The real lesson: distrust stored water, not the technology. Fresh home filtration beats bottles that have sat for weeks — whatever the membrane.

09

Point-of-use filter vs reverse osmosis — two philosophies

Both reports point to the same split. It's not "better vs worse" — it's a different idea of what clean water is.

Reverse osmosis (RO)

A 0.0001 µm membrane rejects almost everything.
Metals: removes all — lead, arsenic, the untested ones — to near-zero, regardless of load. Bulletproof.
Minerals: stripped to near-zero → flat, acidic water you must remineralise.
Produces some wastewater; benefits from UV to stop tank regrowth.

Point-of-use (selective)

Adsorptive media + 0.007 µm membrane, tuned to keep the good stuff.
Minerals: retained and balanced, pH lifted, bacteria + many metals removed. No waste, no power.
Heavy metals: a finite adsorptive stage — overwhelmed by the well's 27× lead alone, and blind to arsenic.
Best as a drinking-point polish on already-low-metal water.
10

The setup to run

Recommended drinking stack

RO membrane + UV + magnesium pitcher

For a variable source where you may fall back to well water, a countertop RO + UV unit (e.g.

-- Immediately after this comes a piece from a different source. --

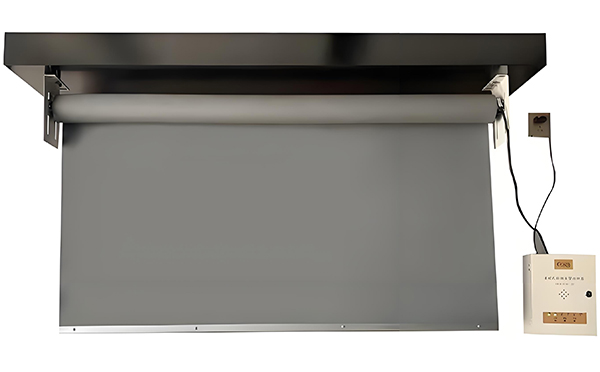 连接电源线和控制线,将五家渠挡烟垂壁安装在支架上,并用螺丝固定。

Philips ADD6910: 0.0001 µm membrane + UV-C LED in the clean tank) plus a magnesium pitcher covers every weakness — each by a different layer.

🛡️
Metals

Lead, arsenic, and the metals nobody tested — removed to near-zero, load-independent.

→ RO membrane (0.0001 µm)
🦠
Bacteria & regrowth

Sterilises the stored clean-tank water on a cycle, so RO's no-chlorine storage risk is handled.

→ UV-C LED
💧
Acidity & minerals

Adds magnesium back and lifts pH — fixing RO water's flat, acidic character.

→ Magnesium pitcher

🏠 Now — the rental (~6 months)

RO+UV dispenser + Mg pitcher. Countertop, no install, moves with you.
Skip whole-house — no point plumbing a place you'll leave.
Keep the RO cartridge on schedule and use the pitcher fresh (it's the one vessel past the UV).

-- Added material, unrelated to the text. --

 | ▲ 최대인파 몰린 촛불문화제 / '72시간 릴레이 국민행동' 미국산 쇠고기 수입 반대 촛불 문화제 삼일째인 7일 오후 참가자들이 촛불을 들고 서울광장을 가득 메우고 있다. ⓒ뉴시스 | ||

🏝️ Later — the villa (well + tap)

Test the well broadly first — Cd, Hg, Cr, Fe, Mn, hardness, bacteria — before finalising plumbing.
Plumb a dual-source switchover; add a sized whole-house pre-treatment to protect the RO cartridge on gritty well water.
Same drinking stack carries over — the RO+UV unit just comes with you.